After Time Warner acquired (then owner of Hanna-Barbera Cartoons) Turner Broadcasting System in 1996, Takamoto became Vice President of Special Projects for Warner Bros. Animation.

== Personal life ==
Takamoto married Jane M. Shattuck in 1957. They met at Disney while working on the animated feature Sleeping Beauty (1959). They had one son together, Michael. In 1963, he met Barbara Farber, who was the assistant to the public relations director at Hanna-Barbera, Arnie Carr. Part of her job was studio tours, which was how she and Takamoto met.

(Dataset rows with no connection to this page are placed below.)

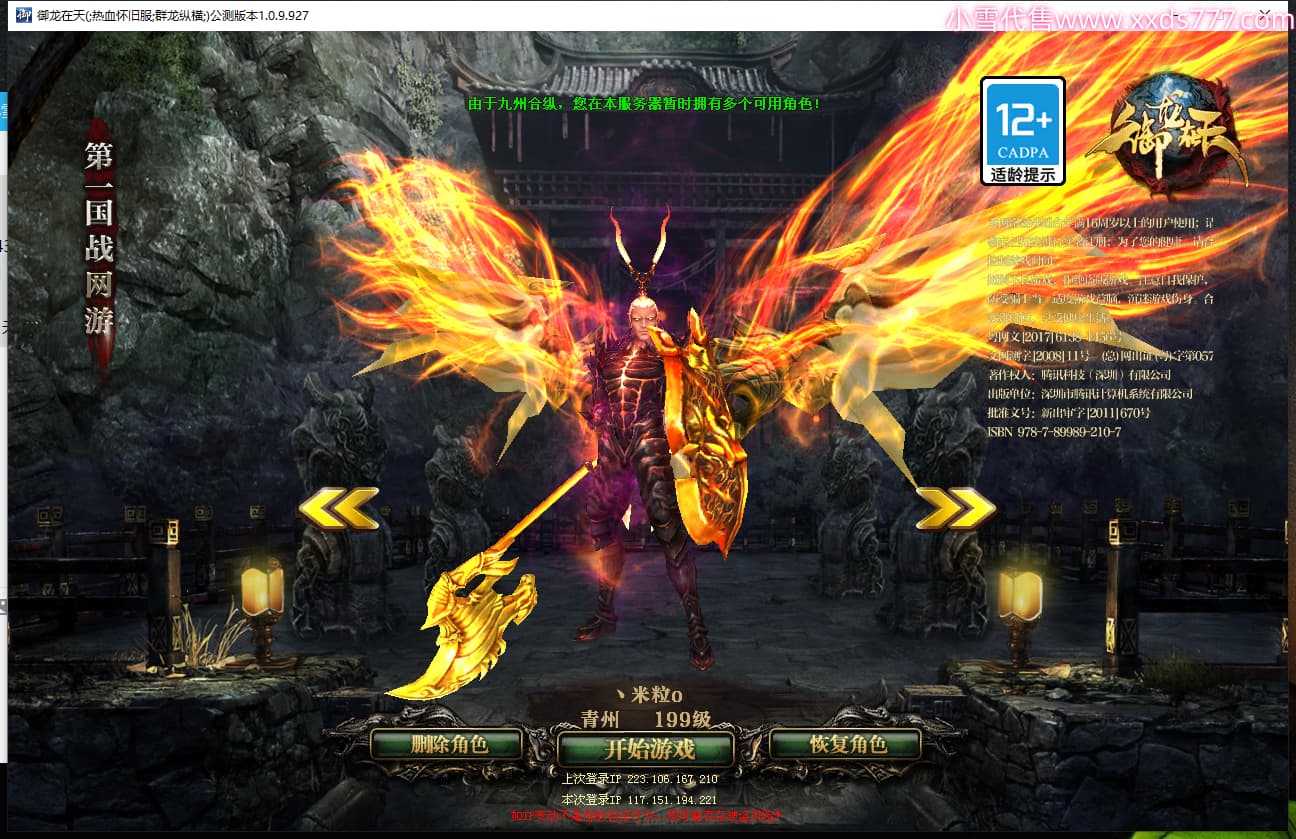 区服类型:怀旧区 九州龙虎
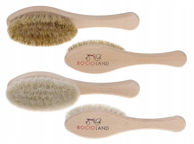 ZESTAW Drewniana Szczotka Szczotki Dla Niemowląt SZCZECINA KOZINA Bocioland
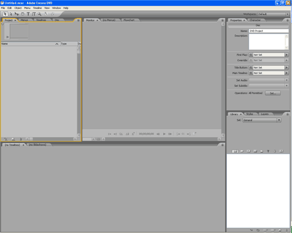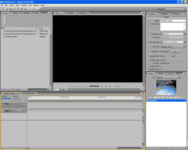 Под панелью инструментов находится группа окон Project, Menus, Timelines, Disc. В этой группе окон впоследствии будут отображаться файлы, использованные в проекте, а также созданные вами меню и таймлинии. По центру экрана находится следующая группа, включающая в себя объекты Monitor, (No menus), Flowchart. Эта группа поможет вам работать с файлами, то есть видеть, например, в каком месте клипа вы находитесь в данный момент, а также создавать меню и просмотреть схему организации ссылок вашего DVD. Под этими двумя группами находится окно с будущей таймлинией для видео и слайд-шоу. Две группы окон справа позволят вам задать свойства проекта или отдельного меню, выбрать нужный шрифт, использовать стили, слои. Здесь же находится библиотека, в которую можно добавлять собственные графические файлы.

Takamoto married Barbara in 1964 and remained married to her for 44 years, until his death in 2007. Barbara had a daughter from a former marriage, Leslie.

== Death ==
Takamoto died on January 8, 2007, at Cedars-Sinai Medical Center in Los Angeles from a heart attack at the age of 81. Throughout the week following his death, Adult Swim put up a bumper reading "Iwao Takamoto [1925–2007]". He is buried at Mount Sinai Memorial Park Cemetery in Los Angeles in Gardens of Blessing, Section 3, Lot 1390, Space 3. There was a memorial added to the end of the Scooby-Doo direct-to-video film Chill Out, Scooby-Doo! (2007).

== Awards and legacy ==
Takamoto received the Winsor McCay Award, the lifetime achievement award from the International Animated Film Association (ASIFA) Hollywood. He received an honorary citation from the Japanese American National Museum. In 2005, he was given a golden award from the Animation Guild.

Takamoto's memoirs were published posthumously in 2009 by University Press of Mississippi as Iwao Takamoto: My Life with a Thousand Characters by Iwao Takamoto and Michael Mallory. An intimate memoir, Living With A Legend, was published posthumously in 2012 by TotalRecall Press by his stepdaughter, Leslie E. Stern.